Her hero (which she refuses to let me call ‘heroine’)?  Lady Constantine.
She loves the subversive nature of the Hellblazer comics, but prefers to think of her hero as female, and why not?  She seems to be following in the same footsteps, just as rude, antisocial, and controversial, and yet, as we talk in the dilapidated apartment, the same belief in humanity despite the cynicism shines through.  She refuses to live by the rules others set for her, refuses to mince words to avoid hurting others’ feelings.
Other than buying her work, fans can interact with her on a better basis by not talking about her or admiring her work, but rather discussing the meaning behind the work.  As a rule, go with your most morbid impression and you’re likely to be right.  She only willingly travels outside her apartment when she’s delivering a statue, though, and it is not recommended that you try to catch her when she’s at her abode.

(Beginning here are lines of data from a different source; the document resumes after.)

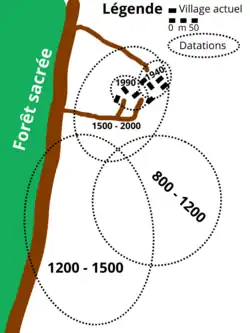 Les fouilles archéologiques réalisées en 1986 sur les sites associés au commencement de l'histoire Ashantis révèlent des datations au carbone 14 qui remettent en question les hypothèses actuelles sur les migrations Akan et l'origine des Guan. En effet, ces fouilles démontrent que le site est occupé dès le début du second millénaire et accueille plusieurs milliers d'habitants. Certaines datations remontent à plusieurs siècles avant J.-C.[3],[13].
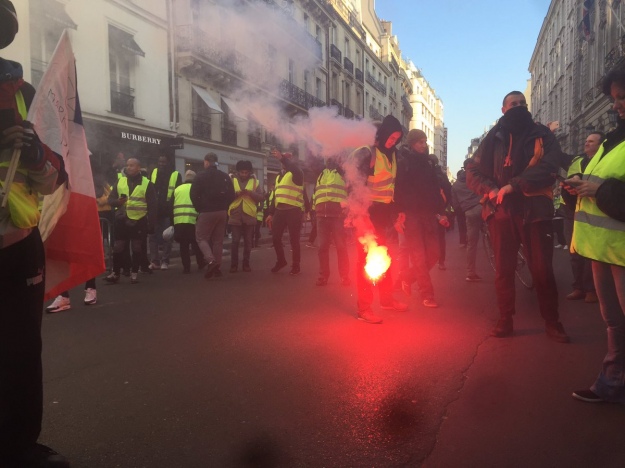 В Париже полиция применила слезоточивый газ против протестующих на Елисейских полях. Часть демонстрантов собралась возле резиденции французского президента Эммануэля Макрона требуя его отставки.
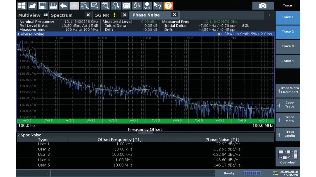 振盪器、頻率合成器和發射系統的開發人員將得益於 R&S FSW 分析儀在相位雜訊量測方面的出色射頻性能;在距載波 10 kHz 偏移處,以 1 Hz 解析頻寬量測,對於 1 GHz 載波,R&S FSW 的相位雜訊典型值為 -140 dBc;對於 10 GHz 載波,典型值為 -131 dBc;在 100 Hz 偏移處,其近載波相位雜訊也相當出色,典型值為 -114 dBc(1 Hz 解析頻寬);依據頻率和偏移範圍的變化,R&S FSW 性能優於其他高階分析儀達 10 dB 以上。
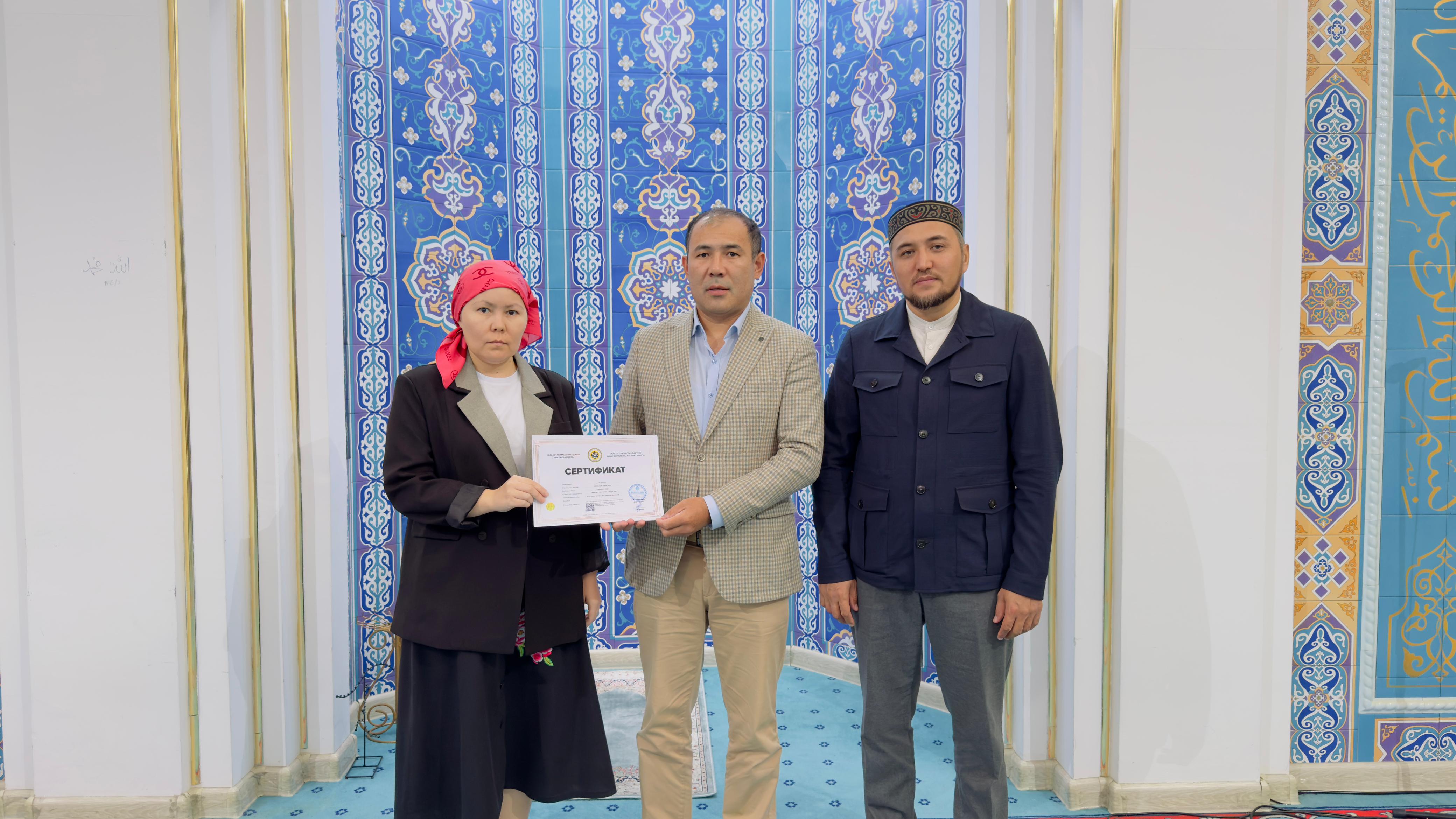 «Халал Даму» директоры Айбек Асқарбекұлы мен Атырау облысының бас имамы Алтынбек Ұтысхан өңірдегі кәсіпорындарға «QMDB Halal» сертификатын табыстады. Атап айтқанда, «Аманкелді» кәсіпорнының балық өнімдері, «Alma pie» және «Iris» дәмханалары халал стандарты талаптарына сай деп танылды.
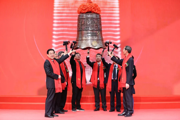 總經理鄭杰(中)代表華騏環保敲響開市寶鐘
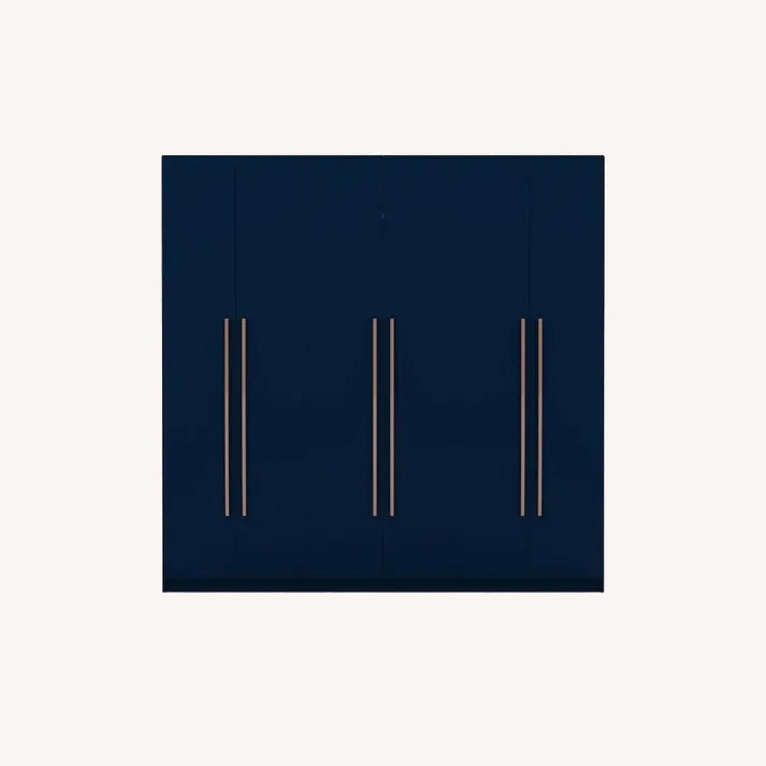 Seller's Notes:Closet: Crafted from MDF 3 cabinets with soft-close doors. Fixed shelving Four hanging rods 2 drawers Features: Made of MDF Aluminum hardware Modern, contemporary style 3 sections with soft-close hinges 4 fixed shelves 4 aluminum hanging rods 2 drawers Finished back Includes hardware Measures 81.3 inches high x 82.48 inches wide x 22.76 inches deep Country of Origin: Brazil Assembly Required

Her personal makers’ mark depicts the four horsemen, each holding a staff of office (scythe, sword, withered wheat, and a bow), and the choice is not a deliberately edgy one—the subject matter is often dark and bleak, forcing the viewer to take a hard second look at the nature of the world they live in.
        
         And there’s the symbol from the statue.  No sign of the dragon statue, unfortunately.  He’s on his feet before he even finishes processing what he’s found.